For example, suppose we want to see the list of countries where we have projects. If we do
this:
SELECT p_Country FROM Projects;

we get all the countries for all the projects; if there are 5 projects in Canada, "Canada" will
appear 5 times in the list.

If we want only the different countries, we can do this:

SELECT DISTINCT p_Country FROM Projects;

where the DISTINCT clause will list only different occurences; if an item is selected more
than once, only one will appear.

Case study - Bids management

Our organization, FAM.org, runs development projects in foreign countries.

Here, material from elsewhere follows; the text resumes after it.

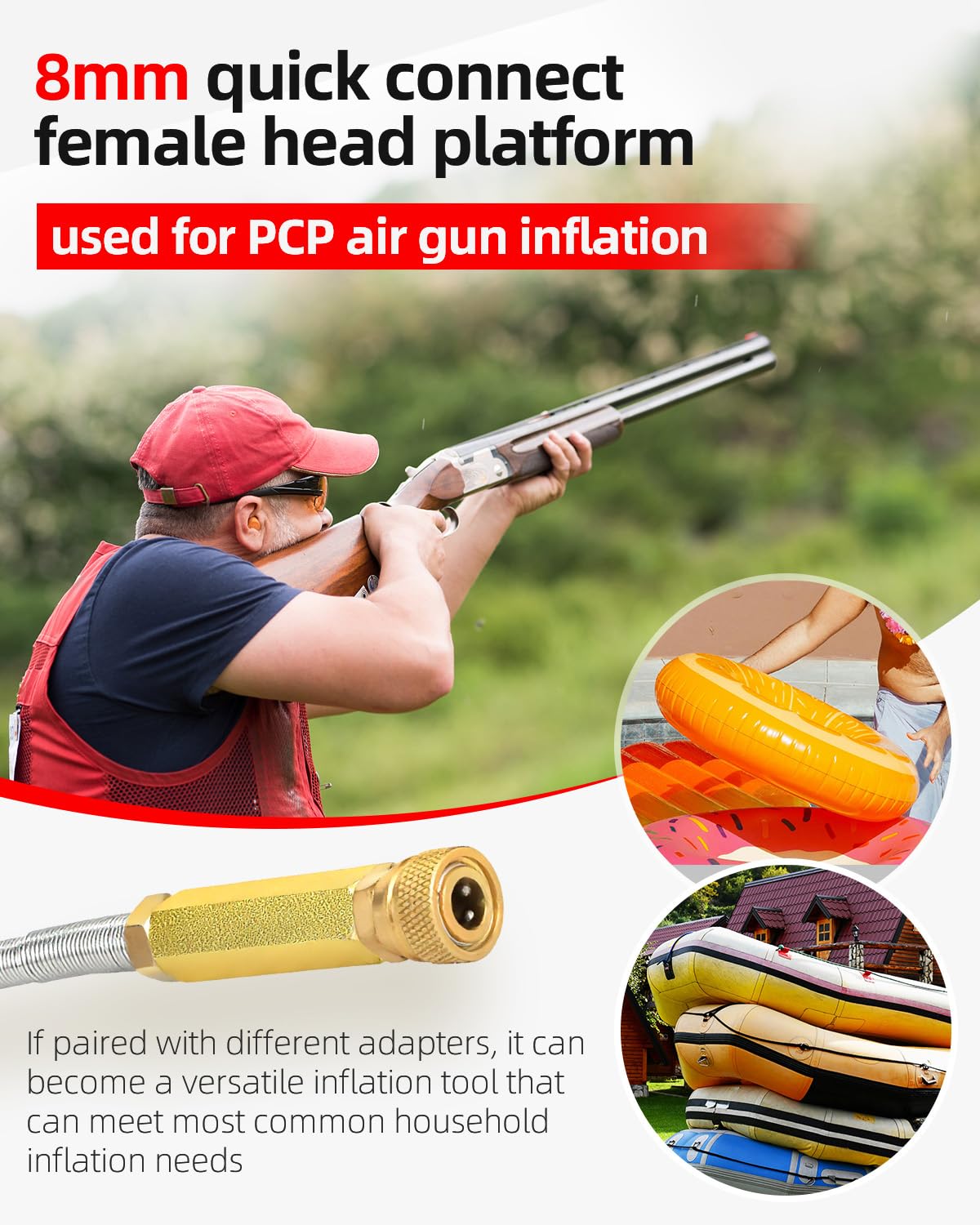 Professional 4500 PSI High-Pressure Output: Delivers ultra-high pressure up to 4500 PSI, equipped with 8mm quick connect female connector and car connector,making it ideal for filling high-pressure air rifles, PCP air guns, scuba tanks, and other demanding applications with ease and reliability.

Each project has a name, a project chief (or Head), a start and end date and an amount of money
budgeted to complete the project.
To actually operate the projects, FAM calls upon companies from the private sector.
For every project, companies are invited to submit bids. They must specify how much they will
charge to do the project. FAM will compare the bids and will select a company from the list of
bidders.
In order to submit a bid, a company must be registered with FAM. It must provide details such
as: name of CEO, number of employees and date of creation of the company. City and state in
which the company HQ is located are also important because, as you may guess, there will be
politics involved.
The purpose of the database is to track the bids. There are hundreds of projects ongoing or
planned at any given time and there are dozens of companies bidding on those projects. Just
tracking all the bids is a big job.
FAM wants to be able to see which companies bid on which projects, how much the bids differ
from the budget amounts, how qualified are the companies in terms of experience and size, what
are the project start and end dates for all the various projects, etc.

Download sample database

You can download the sample Bids management database from the Download Area
The database is created in MySQL and MySQL Query Browser is used to execute the managers'
requests.
Which companies bid on project 05-7777?

SELECT WITH THE AGGREGATE FUNCTIONS


You use aggregates in the SELECT statement when you want to get summary information
(statistics) on sets of data.

Here we assume that you've done enough programming to know that a function is a system-
defined program that accepts a parameter from the user and returns an answer. A function is
always composed of a keyword followed by parentheses ( ).

Aggregate functions
SUM (expression) total values in a numeric expression
AVG (expression) average values in a numeric expression
COUNT (expression) the number of non-null values
COUNT (*) the number of selected rows
MAX (expression) the highest value in the expression
MIN (expression) the lowest value in the expression

First, note that an aggregate function will always return only one row. That's because it answers
a question refering to a group or set of data. You can find the biggest value in the set but, you
can't know what item that biggest value refers to. Same with smallest value or average.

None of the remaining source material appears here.